DynamoDBMapper how to get all items without pagination

1k Views Asked by At

I have about 780K(count) items stored in DDB.

I'm calling DynamoDBMapper.query(...) method to get all of them. The result is good, bcs I can get all of the items. But it cost me 3min to get them.

From the log, I see the DynamoDBMapper.query(...) method is trying to get items page by page, each page will request an individual query call to DDB which will cost about 0.7s for each page. I counted that all items returned with 292 pages, so the total duration is about 0.7*292=200s which is unacceptable.

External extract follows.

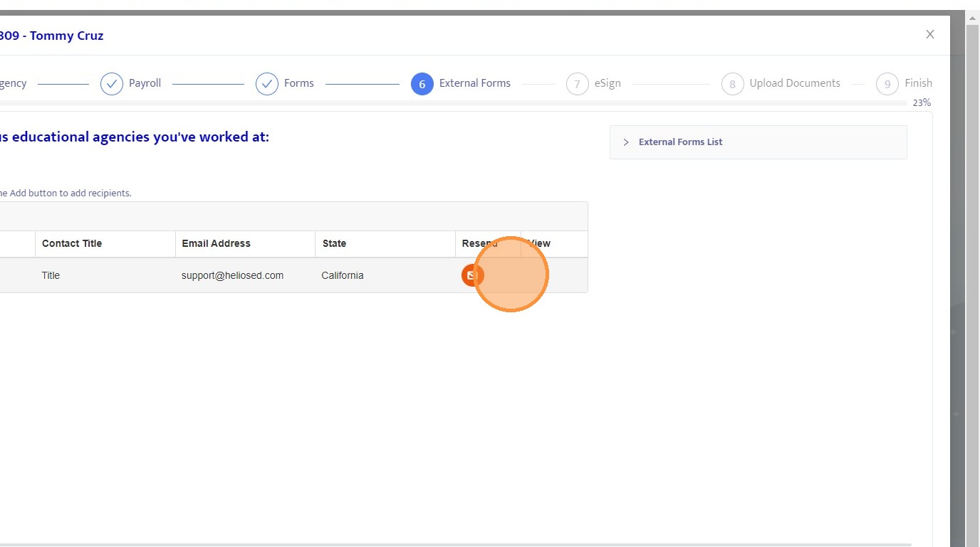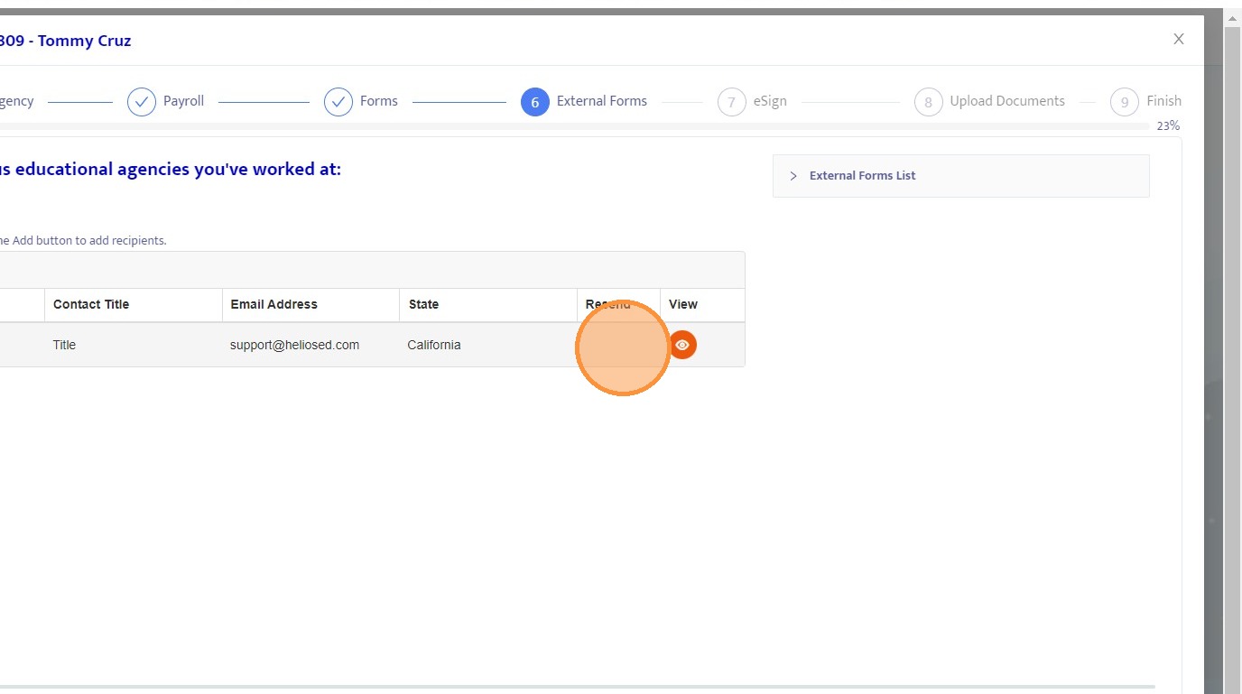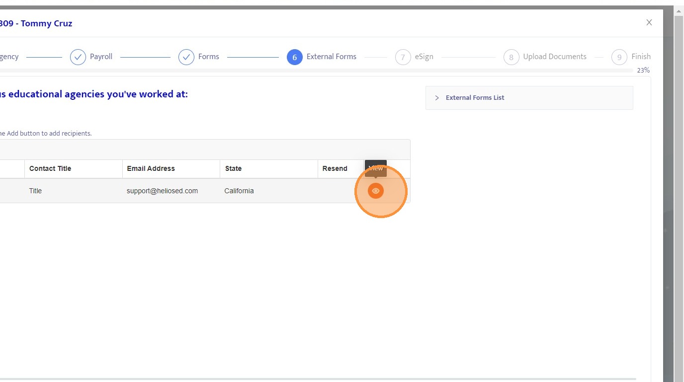 25. From this screen, you can resend the external form if needed, such as when correcting an email address. Once the form is submitted, a View button will appear, allowing you to review the completed form.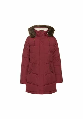 Wattierte Steppjacke mit hoher Wärmeisolation, durch Warmflight-Technologie; die DryFlight® Technologie macht die Jacke wasserabweisend und atmungsaktiv und erhöht so den Tragekomfort; geräumige Kapuze mit abnehmbarem Kunstfellbesatz; Stehkragen mit flauschigem Kunstfellbesatz und Kinnschutz; hinterlegter und mit Druckknopfleiste verdeckter 2-Wege-Frontreißverschluss; warm gefütterte Seitentaschen mit Klappen und Druckknöpfen; diverse Kunstleder-Details; Material I 100% Polyester, Material II 85% Polyacryl, 15% Polyester.

My code is basically like below:

    // setup query condition, after filter the items count would be about 780K
    DynamoDBQueryExpression<VendorAsinItem> expression = buildFilterExpression(filters, expression); 

    List<VendorAsinItem> results = new ArrayList<>();
    try {
        log.info("yrena:Start query");
        DynamoDBMapperConfig config = getTableNameConfig();
        results = getDynamoDBMapper().query( // get DynamoDBMapper instance and call query method
                VendorAsinItem.class,
                expression,
                config);
    } catch (Exception e) {
        log.error("yrena:Error ", e);
    }
    log.info("yrena:End query. Size:" + results.size());

So how can I get all items at once without pagination. My final goal is to reduce the query duration.

1

There are 1 best solutions below

0
On

EDIT Just re-read the title of the question and realized that perhaps I didn't address the question head on: there is no way to retrieve 780,000 items without some pagination because of a hard limit of 1MB per page


Long form answer

780,000 items retrieved, in 3 minutes, using 292 pages: that's about 1.62 pages per second.

Take a moment and let that sync in..

Dynamo can return 1MB of data per page, so you're presumably transferring 1.5MB of data per second (that will saturate a 10 Mbit pipe).

Without further details about (a) the actual size of the items retrieved; (b) the bandwidth of your internet connection; (c) the number of items that might get filtered out of query results and (d) the provisioned read capacity on the table I would start looking at:

  1. what is the network bandwidth between your client and Dynamo/AWS -- if you are not maxing that out, then move on to next;

  2. how much read capacity is provisioned on the table (if you see any throttling on the requests, you may be able to increase RCU on the table to get a speed improvement at a monetary expense)

  3. the efficiency of your query:

  • if you are applying filters, know that those are applied after query results are generated and so the query is consuming RCU for stuff that gets filtered out and that also means the query is inefficient

  • think about whether there are ways you can optimize your queries to access less data

Finally 780,000 items is A LOT for a query -- what percentage of items in the database is that?

Could you create a secondary index that would essentially contain most, or all of that data that you could then simply scan instead of querying?

Unlike a query, a scan can be parallelized so if your network bandwidth, memory and local compute are large enough, and you're willing to provision enough capacity on the database you could read 780,000 items significantly faster than a query.